> Data excerpt:
== == ==

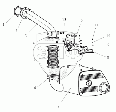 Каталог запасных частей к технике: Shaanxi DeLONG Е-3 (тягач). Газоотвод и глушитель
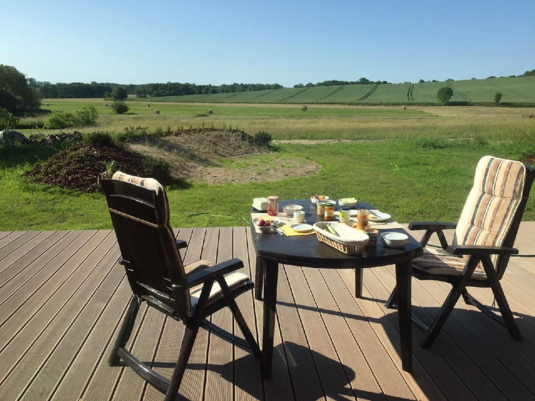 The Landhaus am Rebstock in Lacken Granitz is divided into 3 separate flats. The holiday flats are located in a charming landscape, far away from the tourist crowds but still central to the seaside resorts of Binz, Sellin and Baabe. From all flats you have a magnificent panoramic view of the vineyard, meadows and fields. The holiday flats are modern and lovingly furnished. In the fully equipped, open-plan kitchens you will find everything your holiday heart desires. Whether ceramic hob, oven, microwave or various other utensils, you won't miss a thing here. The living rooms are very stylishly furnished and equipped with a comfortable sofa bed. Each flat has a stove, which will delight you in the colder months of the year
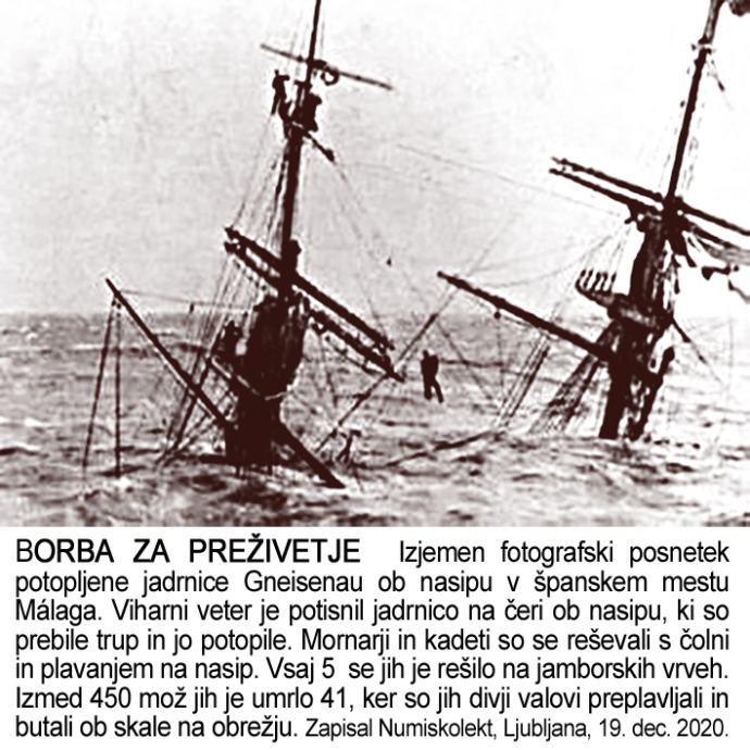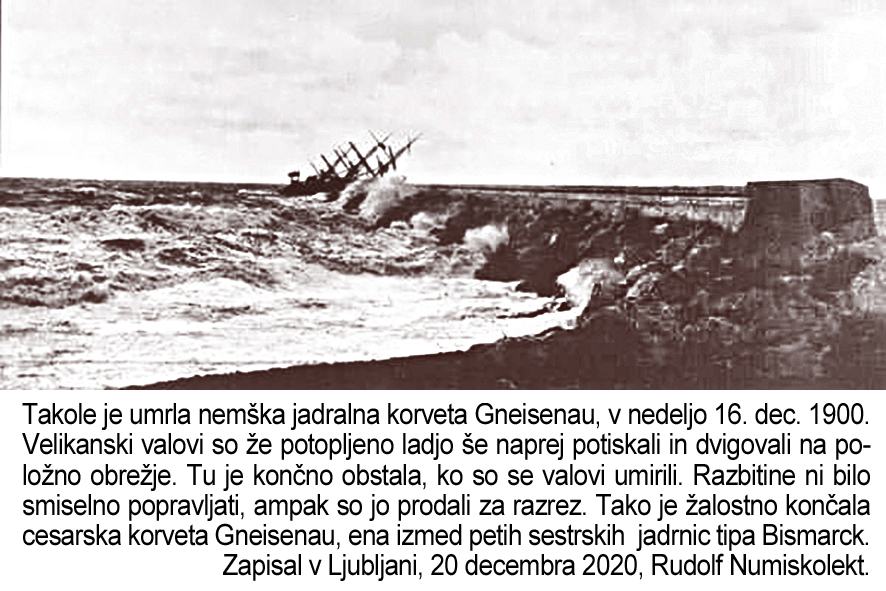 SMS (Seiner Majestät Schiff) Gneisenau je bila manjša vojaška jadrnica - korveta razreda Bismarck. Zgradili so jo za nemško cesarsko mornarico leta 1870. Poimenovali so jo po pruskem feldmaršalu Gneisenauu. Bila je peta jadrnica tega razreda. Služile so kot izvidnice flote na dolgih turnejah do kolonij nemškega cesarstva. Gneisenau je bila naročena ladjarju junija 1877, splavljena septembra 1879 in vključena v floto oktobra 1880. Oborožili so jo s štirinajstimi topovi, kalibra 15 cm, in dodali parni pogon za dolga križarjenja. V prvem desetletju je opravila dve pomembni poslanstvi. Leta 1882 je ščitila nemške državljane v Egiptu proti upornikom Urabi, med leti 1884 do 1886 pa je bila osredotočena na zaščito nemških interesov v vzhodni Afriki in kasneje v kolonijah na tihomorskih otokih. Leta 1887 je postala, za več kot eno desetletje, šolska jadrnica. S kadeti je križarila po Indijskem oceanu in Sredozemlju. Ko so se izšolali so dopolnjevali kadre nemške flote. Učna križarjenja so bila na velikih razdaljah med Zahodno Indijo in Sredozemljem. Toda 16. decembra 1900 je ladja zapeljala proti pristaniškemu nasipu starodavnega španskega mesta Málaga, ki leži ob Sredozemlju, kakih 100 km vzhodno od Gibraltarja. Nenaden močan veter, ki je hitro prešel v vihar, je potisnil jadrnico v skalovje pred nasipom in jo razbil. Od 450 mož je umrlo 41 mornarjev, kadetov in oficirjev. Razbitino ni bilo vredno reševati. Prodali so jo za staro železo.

== == ==

> Work instruction: Transcribe, word for word, only the material from its opening line through the line containing "The Landhaus am", both ends included, and omit the pictures.

> Exercise answer:
 Каталог запасных частей к технике: Shaanxi DeLONG Е-3 (тягач). Газоотвод и глушитель
 The Landhaus am Rebstock in Lacken Granitz is divided into 3 separate flats. The holiday flats are located in a charming landscape, far away from the tourist crowds but still central to the seaside resorts of Binz, Sellin and Baabe. From all flats you have a magnificent panoramic view of the vineyard, meadows and fields. The holiday flats are modern and lovingly furnished. In the fully equipped, open-plan kitchens you will find everything your holiday heart desires. Whether ceramic hob, oven, microwave or various other utensils, you won't miss a thing here. The living rooms are very stylishly furnished and equipped with a comfortable sofa bed. Each flat has a stove, which will delight you in the colder months of the year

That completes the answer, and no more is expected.